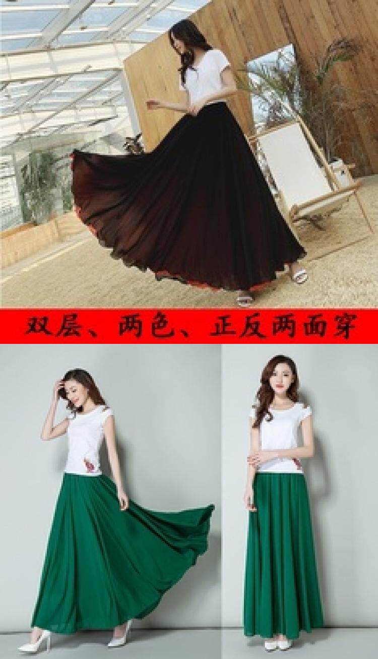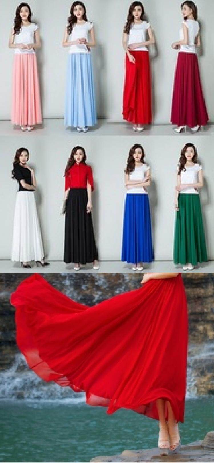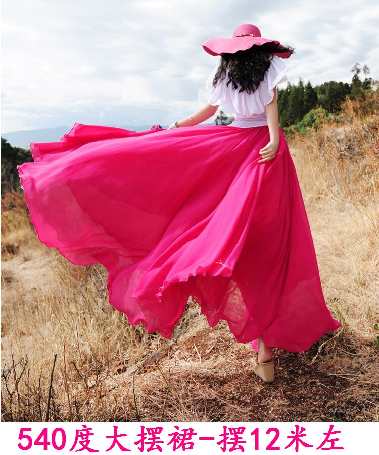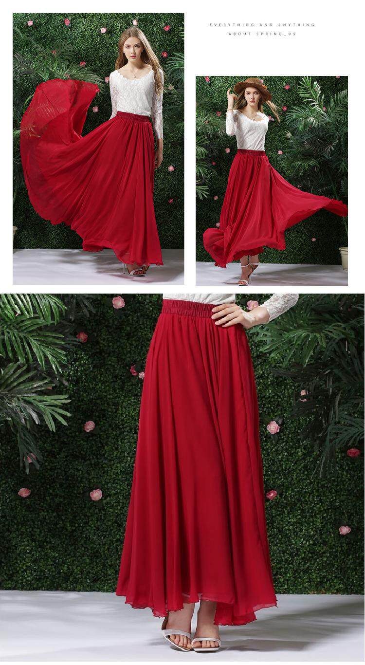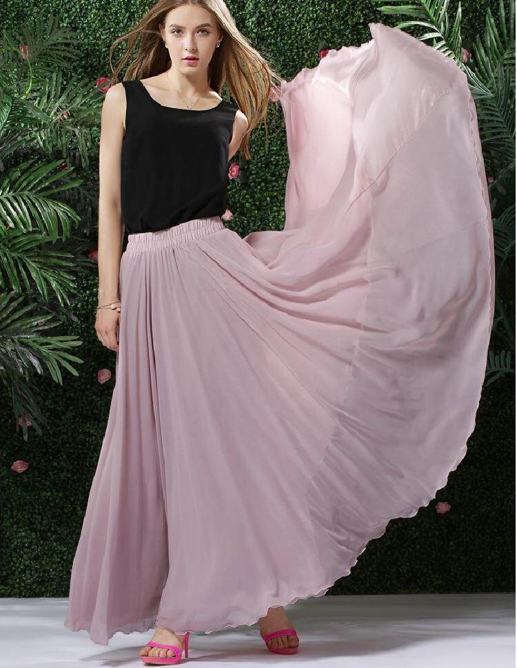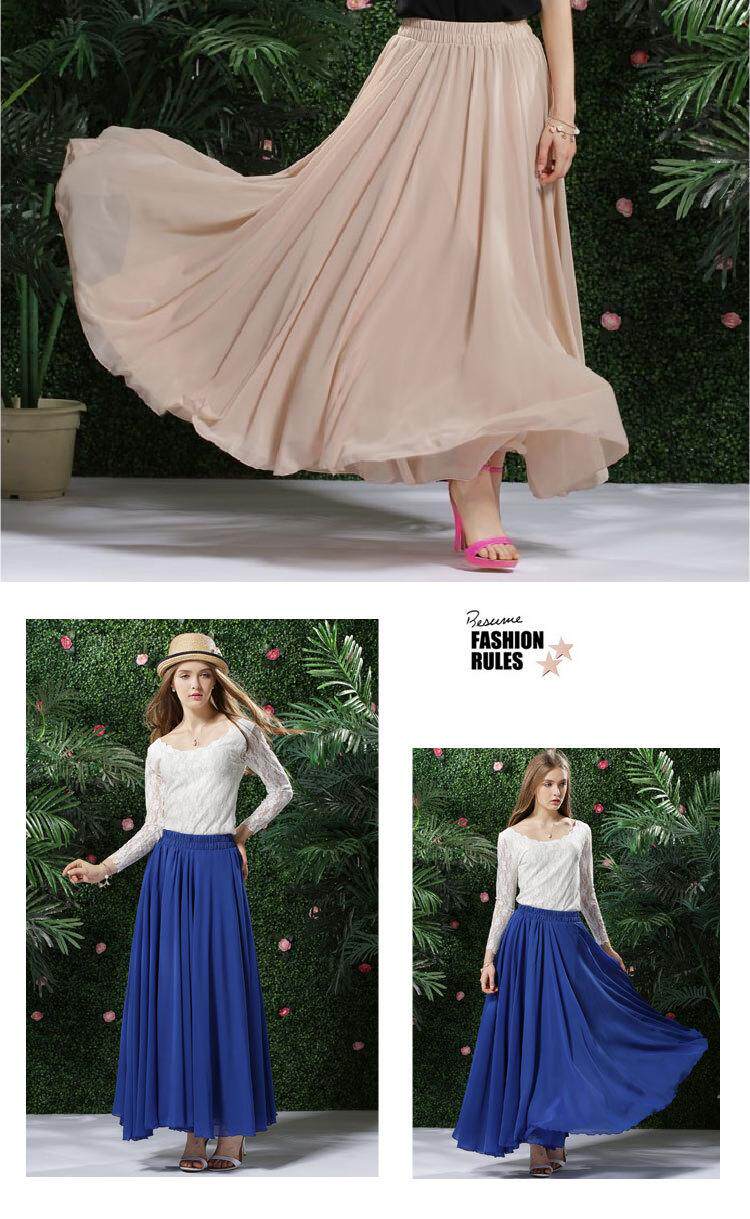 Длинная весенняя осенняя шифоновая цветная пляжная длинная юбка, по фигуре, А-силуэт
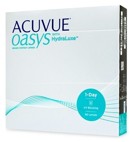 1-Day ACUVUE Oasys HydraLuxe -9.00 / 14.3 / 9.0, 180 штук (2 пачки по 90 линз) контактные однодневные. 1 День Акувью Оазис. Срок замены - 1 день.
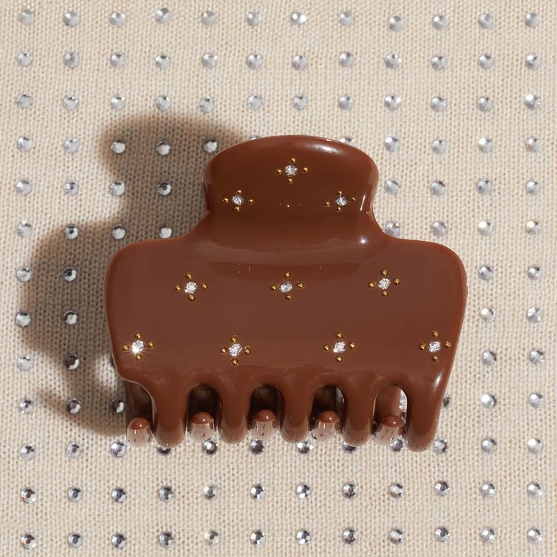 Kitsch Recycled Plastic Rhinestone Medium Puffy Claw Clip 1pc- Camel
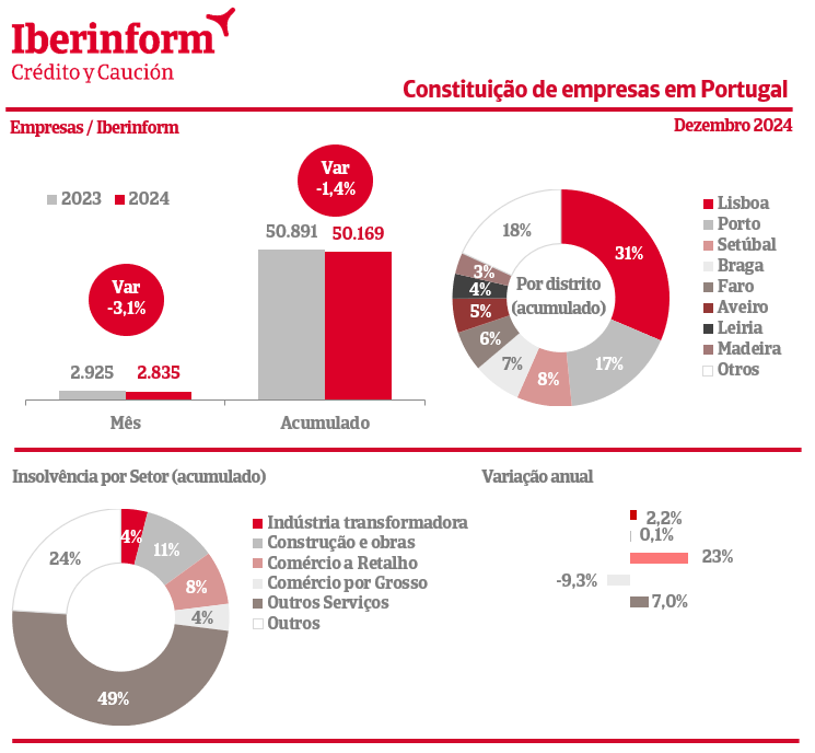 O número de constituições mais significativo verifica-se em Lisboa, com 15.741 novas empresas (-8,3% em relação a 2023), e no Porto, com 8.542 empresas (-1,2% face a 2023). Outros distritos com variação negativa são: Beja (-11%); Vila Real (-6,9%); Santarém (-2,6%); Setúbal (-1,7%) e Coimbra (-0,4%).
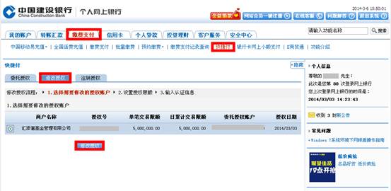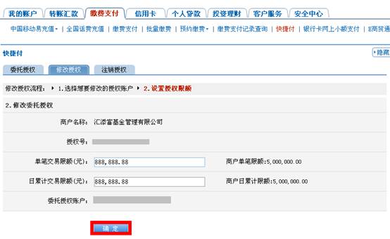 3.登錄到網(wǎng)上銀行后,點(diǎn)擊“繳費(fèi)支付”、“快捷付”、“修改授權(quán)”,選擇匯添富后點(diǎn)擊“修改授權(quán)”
◆ ◆ ◆ ◆ ◆
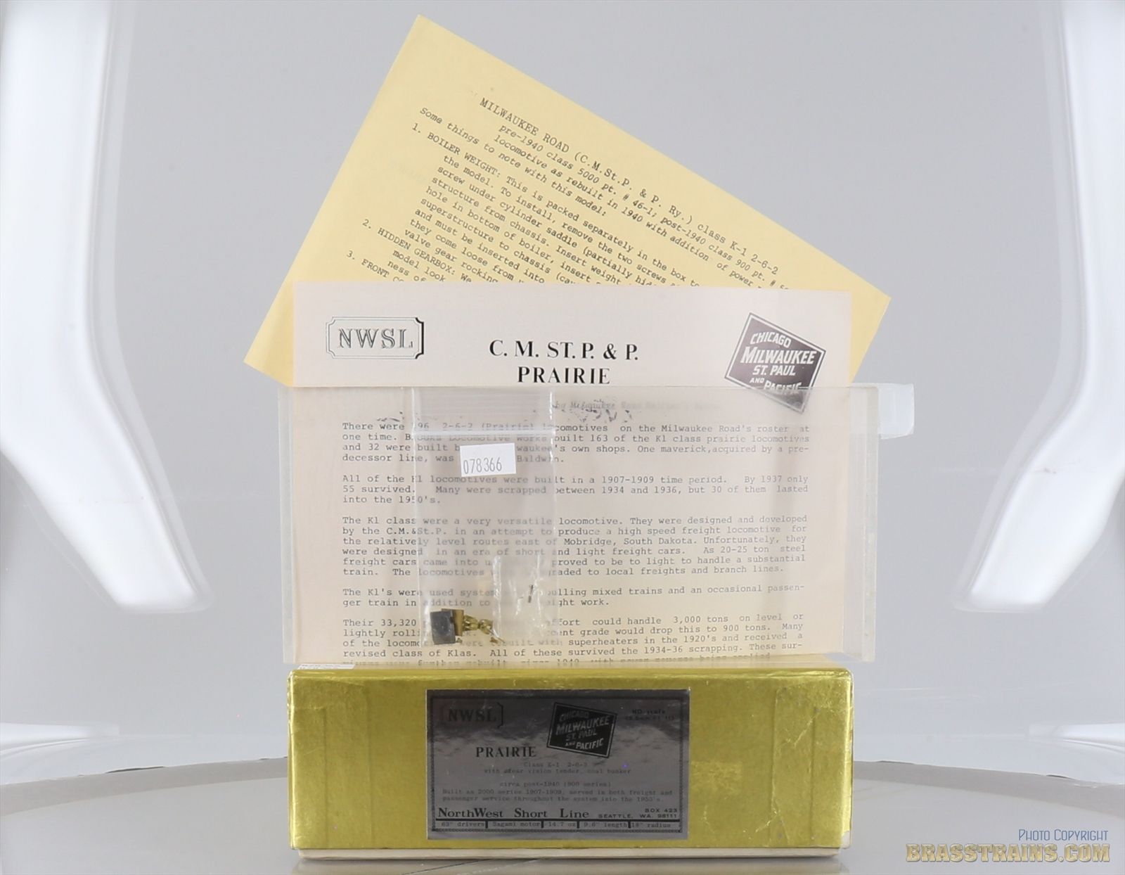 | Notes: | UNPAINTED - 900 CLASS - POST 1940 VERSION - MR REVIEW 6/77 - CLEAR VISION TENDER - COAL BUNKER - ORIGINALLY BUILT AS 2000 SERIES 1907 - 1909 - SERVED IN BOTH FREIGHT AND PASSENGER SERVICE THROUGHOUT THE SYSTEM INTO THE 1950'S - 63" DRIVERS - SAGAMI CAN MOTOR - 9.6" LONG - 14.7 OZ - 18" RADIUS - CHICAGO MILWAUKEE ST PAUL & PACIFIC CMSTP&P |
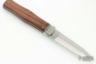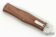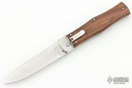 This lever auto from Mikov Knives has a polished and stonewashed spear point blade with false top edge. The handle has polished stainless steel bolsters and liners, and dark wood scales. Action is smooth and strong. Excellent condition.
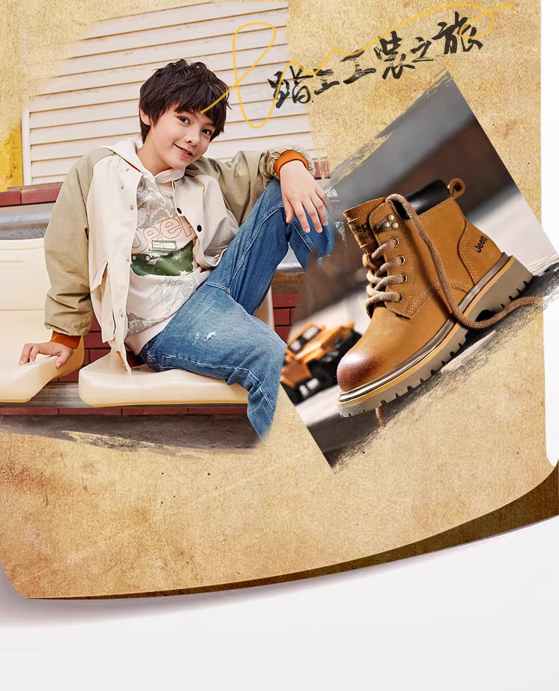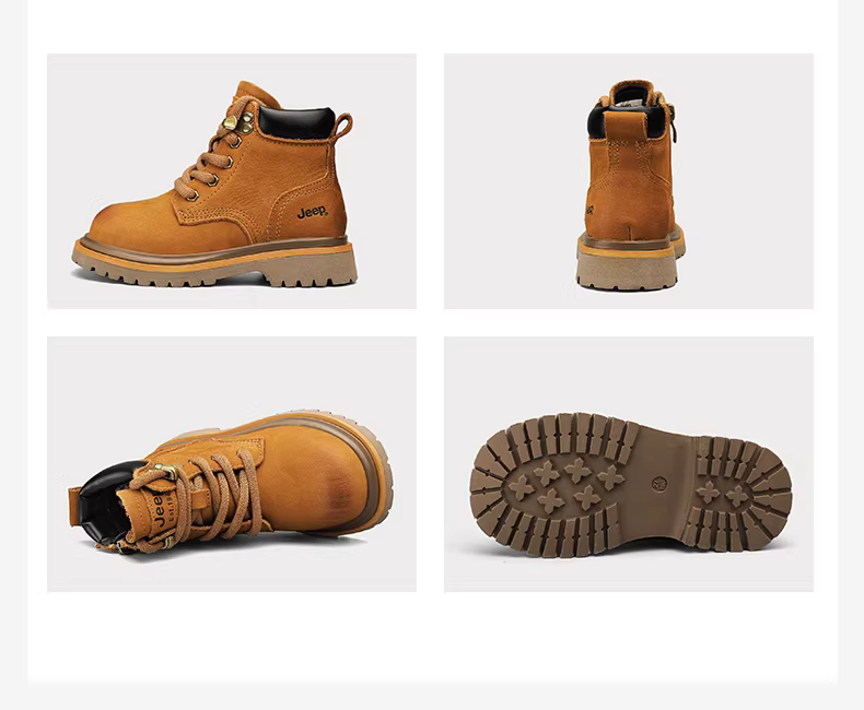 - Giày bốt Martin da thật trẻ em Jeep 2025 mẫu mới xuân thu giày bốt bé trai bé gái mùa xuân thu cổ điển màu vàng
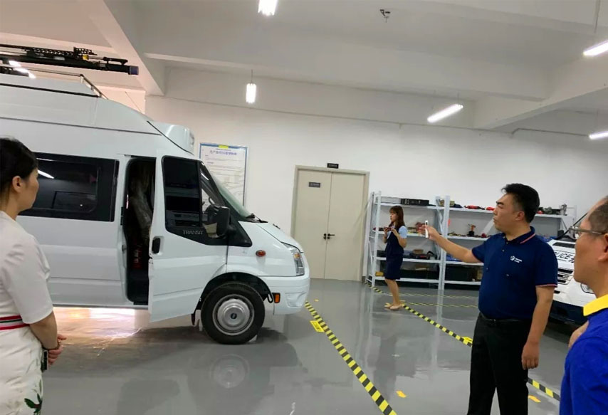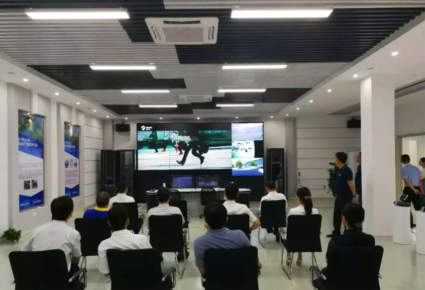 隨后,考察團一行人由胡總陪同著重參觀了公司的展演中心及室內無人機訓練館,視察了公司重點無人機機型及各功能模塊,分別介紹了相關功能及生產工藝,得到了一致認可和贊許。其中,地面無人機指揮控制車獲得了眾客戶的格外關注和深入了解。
◆ ◆ ◆ ◆ ◆
• [Task goal]
Starting with the line above that holds "1-Day ACUVUE Oasys", restate each line word for word up to and including the line that holds "3.登錄到網(wǎng)上銀". Drop the pictures.

• [Task solution]
 1-Day ACUVUE Oasys HydraLuxe -9.00 / 14.3 / 9.0, 180 штук (2 пачки по 90 линз) контактные однодневные. 1 День Акувью Оазис. Срок замены - 1 день.
 Kitsch Recycled Plastic Rhinestone Medium Puffy Claw Clip 1pc- Camel
 O número de constituições mais significativo verifica-se em Lisboa, com 15.741 novas empresas (-8,3% em relação a 2023), e no Porto, com 8.542 empresas (-1,2% face a 2023). Outros distritos com variação negativa são: Beja (-11%); Vila Real (-6,9%); Santarém (-2,6%); Setúbal (-1,7%) e Coimbra (-0,4%).
 3.登錄到網(wǎng)上銀行后,點(diǎn)擊“繳費(fèi)支付”、“快捷付”、“修改授權(quán)”,選擇匯添富后點(diǎn)擊“修改授權(quán)”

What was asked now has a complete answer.